Действительно, профессора Н.Н. Зыбин и И.П. Колонг весьма скоро «сняли шапки» перед своим молодым учеником и последователем. Первый, экзаменуя Алексея, посмотрел на исполненный им чертеж уничтожения полу-круговой девиации по способу Эри и сказал:

– Сотрите, у вас неверно.

– Позвольте вам доложить, господин капитал первого ранга, и доказать, что у меня верно, сделав более крупный чертеж.

– Делайте, неверное останется неверным.

Но настойчивость младшего понравилась старшему. За возникшей симпатией последовал весьма пристальный взгляд профессора на экзаменующегося, красноречиво выражавший удивление. Вникнув в предлагаемый его вниманию укрупненный чертеж, преподаватель во всеуслышание самокритично произнес:

– Извините, у вас все верно, я ошибся.

И незамедлительно представил Алексея Крылова профессору де Колонгу, заверив последнего, что лучшей кандидатуры для работы в Компасной мастерской не сыскать даже в грядущих десяти выпусках.

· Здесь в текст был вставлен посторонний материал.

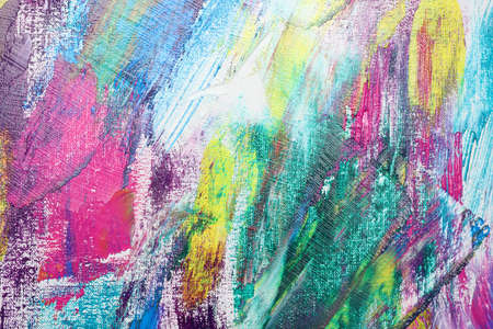 Strokes of colorful acrylic paints on canvas, closeup
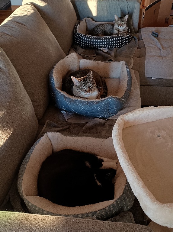 | Naše tři "venkovní" kočky. |
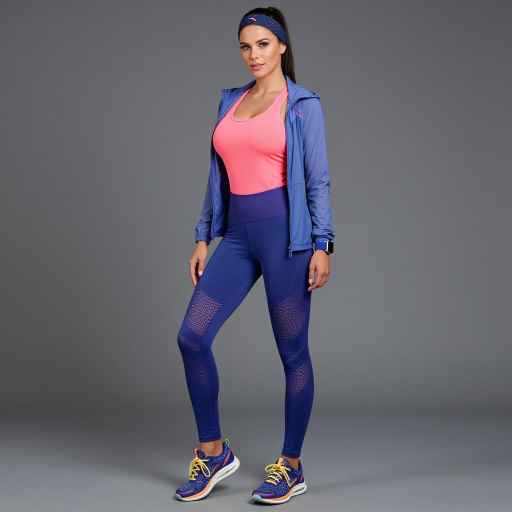 Photograph of a fit woman with long dark hair in a ponytail, wearing a blue headband. She has a light brown skin tone and is dressed in a bright pink tank top, blue mesh jacket, and high-waisted, dark blue mesh leggings. Her athletic shoes are blue with yellow laces and white soles. She stands against a plain gray background, slightly leaning to her right, with a confident expression. The image has a studio lighting setup, highlighting her figure and outfit.

Профессор де Колонг, приняв мичмана Алексея Крылова в штат на должность производителя работ, очень скоро убедился в абсолютной справедливости зыбинской рекомендации. Более того, с первых же шагов в практических занятиях в мастерской подчиненный показал себя далеко не новичком в серьезнейшем морском деле. Немного спустя Иван Петрович Колонг писал в представлении морскому министерству: «Высоко уважая труды комиссии, покорно прошу Совет извинить меня, что, не будучи им уполномочен, позволю себе рекомендовать офицера, обладающего глубокими сведениями в той же отрасли знания, какую комиссия во мне нашла полезной для деятельности экспертизы. Считаю долгом прибавить, что этот офицер уже около полутора лет сотрудничает мне и в области своей деятельности представил несколько капитальных трудов, которые в скором времени будут напечатаны. Этот офицер – мичман Алексей Николаевич Крылов».

Блестящая характеристика для начинающего службу молодого офицера, но разве о таком поприще ему думалось?

«Я пробыл в Морском училище с 9 сентября 1878 г. (несколько расходится академик с данными послужного списка, в котором дата поступления Крылова в училище – 13 сентября. – В. Л.) по 1 октября 1884 г., когда, после окончания курса и по сдаче экзаменов по теоретическим предметам и практического экзамена после плавания, я был произведен в мичманы флота с назначением в 8-й Флотский экипаж, расположенный в Петербурге в Крюковских казармах».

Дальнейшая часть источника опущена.